Income Tax PlanningBest Income Tax Planning Strategies

Income tax planning involves using strategies to minimize your taxable income. There are several different things that you can do you reduce the taxation of your income. Including, but not limited to; postponing income, shifting income, deduction planning, investment tax planning, and utilizing year-end tax planning. In this article, we will briefly go over how you can use each of these strategies to lower you tax liability.

  • Delaying Income

This income tax planning strategy involves delaying your income to a later year. This way you can delay paying taxes on your income until you are in a lower tax bracket and will be liable for a smaller percentage of your earning. One of the methods you can use to delay taking your income is retirement accounts. Certain retirement accounts such as 401Ks and IRAs allow you to put away your pre-tax income and allow it to grow tax-free. Speak with a professional who specializes in both investment and tax planning to find out which type of investment would work best for you.

  • Shifting Income

Another income tax planning strategy that you may wish to utilize is shifting income to another family member. Doing this allows you to lower your overall tax burden. One example of this would be gifting dividend producing stocks to your children. By doing this, you shift the income from you to your children. If you decide that this type of planning would be beneficial for you, it is important that you are aware of how kiddie tax laws may affect this.

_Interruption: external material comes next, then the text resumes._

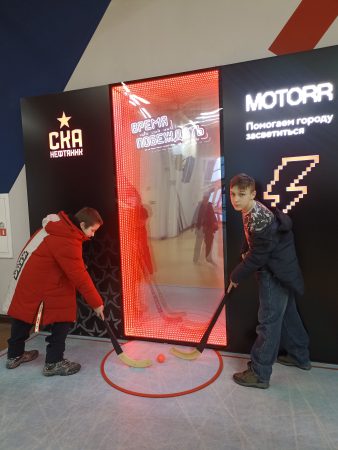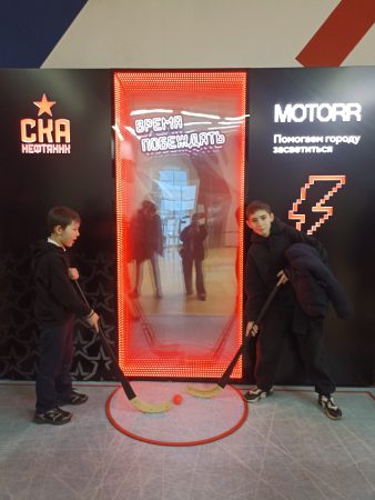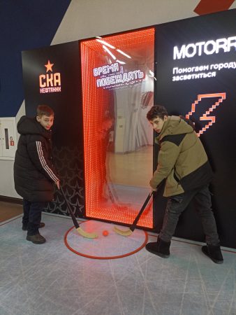Подростки с энтузиазмом исследовали каждый уголок арены, не пропустив ни одной фотозоны. Юра Х. и Семен К. с гордостью примеряли на себя образы настоящих хоккеистов,

Another income shifting strategy is available for those who own family businesses. Hiring a family member as an employee is a simple and effective way to transfer some tax liability to another person.

  • Deduction Planning

It is extremely important that you take advantage of all the deductions that you are entitled to and time their use properly. You will have to decide whether taking the standard deduction or itemizing your deductions will be more beneficial for your situation. If you choose to itemize it is important to note that some deductions are only usable if they exceed a certain percentage of your adjusted gross income.

If you find that you are going to be in a high tax bracket this year, or you are going to owe a lot of money to the IRS, you may want to accelerate some of your deductions into the current year. This would mean paying expenses that are deductible and making charitable contributions.

  • Investment Tax Planning

An area of income that you do not want to forget about is your investment income. You want to invest in such a way that will not generate large tax bills. This would include investing in tax-exempt securities and strategically timing the sale of capital assets.

If you have investments that are not tax-exempt, long-term capital gains tax rates will be important for you. These tax rates are much lower than your ordinary income tax rates. To be able to use the lower rates you must hold onto an investment for at least a year. We see too often that most brokers do not consider your income tax planning strategy while managing your investments. Consider an advisor that is a specialist in income tax planning as well as investment management.

  • Year-End Tax Planning

Year-end tax planning is the process of determining what your tax liability is going to look like for the year. If you find that you are going to owe a large amount you will still have time to take action to try and reduce your liability either through postponing income or accelerating your deductions.


Income tax planning can be very complicated and incorrect planning could result in you owing a lot of money. If you are uncertain regarding anything related to tax planning, be sure to seek out a professional who is well versed in both tax and financial planning. They will be able to help you make decisions and reduce your tax liability while maximizing profits.